**WORK INSTRUCTION:** Exactly as written, retype the listing below, omitting the pictures.

**COLLECTED MATERIAL:**
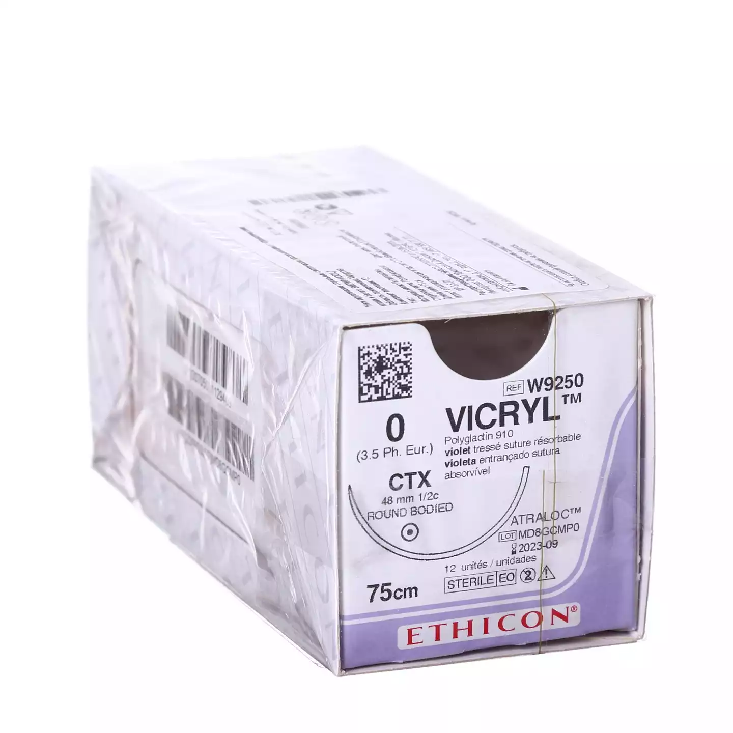 Викрил М3,5 (0) длина 75см, игла колющая СТХ 1/2 окружности 48 мм, фиолетовый, упаковка 12шт,W9250
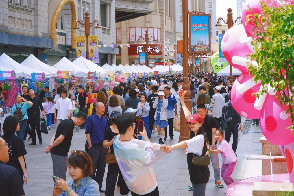 “五一”假期,天津金街商圈人頭攢動。(受訪者供圖)
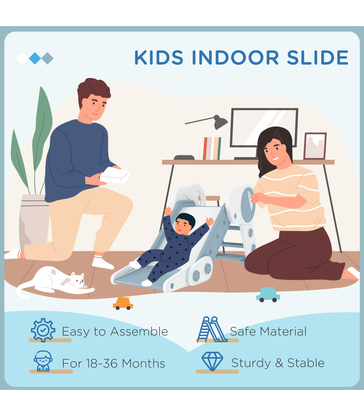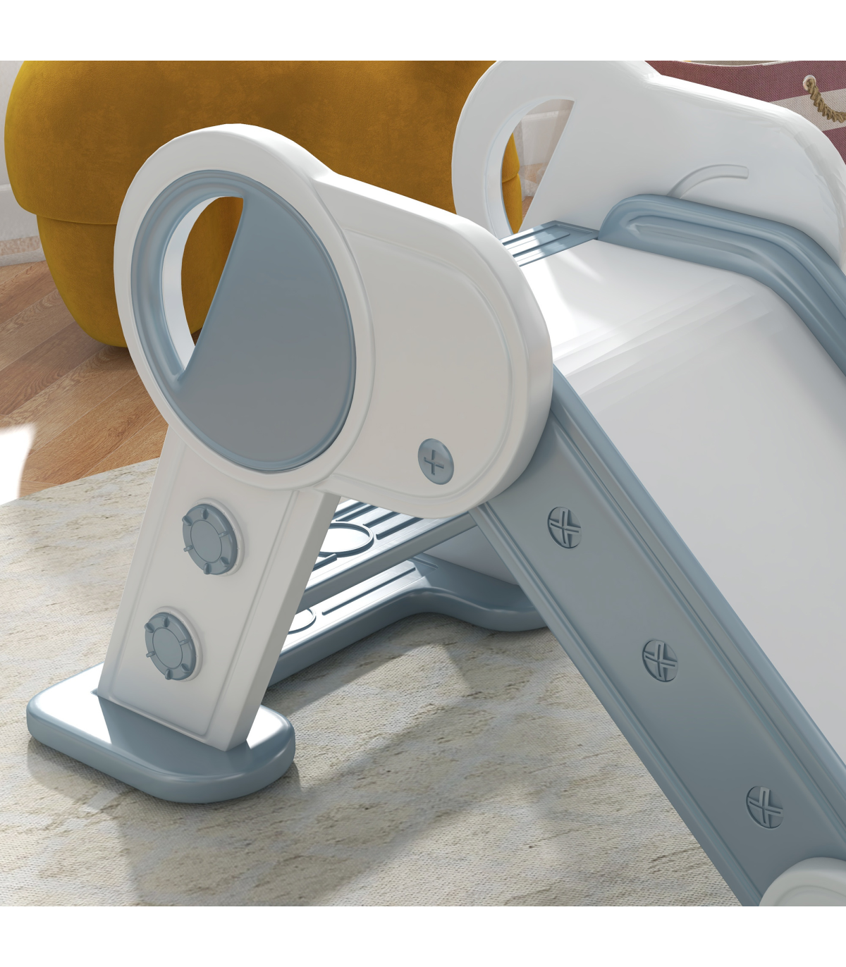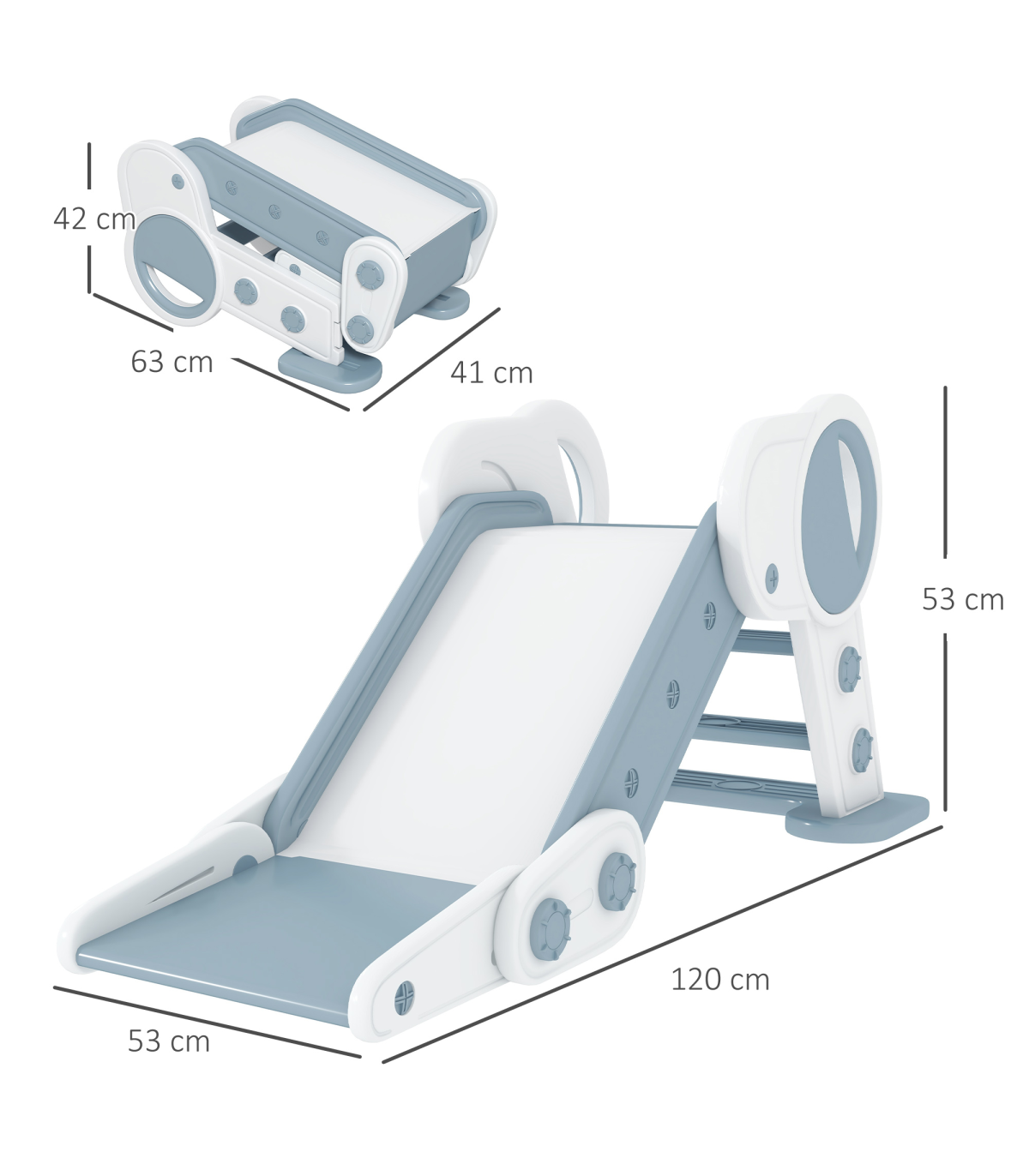 Bring boundless joy to playtime with this AIYAPLAY kids slide. Specially designed for children, they'll use the three-step ladder to easily climb up – the safety guards stop them from falling sideways. Once at the top, they'll enjoy sliding down in a safe and fun manner, thanks to its smooth surface and buffer zone. When playtime is over, fold the slide to save space, so it isn't a nuisance. Create special childhood memories, filling each day with fun and excitement.

**ANSWER SECTION:**
 Викрил М3,5 (0) длина 75см, игла колющая СТХ 1/2 окружности 48 мм, фиолетовый, упаковка 12шт,W9250
 “五一”假期,天津金街商圈人頭攢動。(受訪者供圖)
 Bring boundless joy to playtime with this AIYAPLAY kids slide. Specially designed for children, they'll use the three-step ladder to easily climb up – the safety guards stop them from falling sideways. Once at the top, they'll enjoy sliding down in a safe and fun manner, thanks to its smooth surface and buffer zone. When playtime is over, fold the slide to save space, so it isn't a nuisance. Create special childhood memories, filling each day with fun and excitement.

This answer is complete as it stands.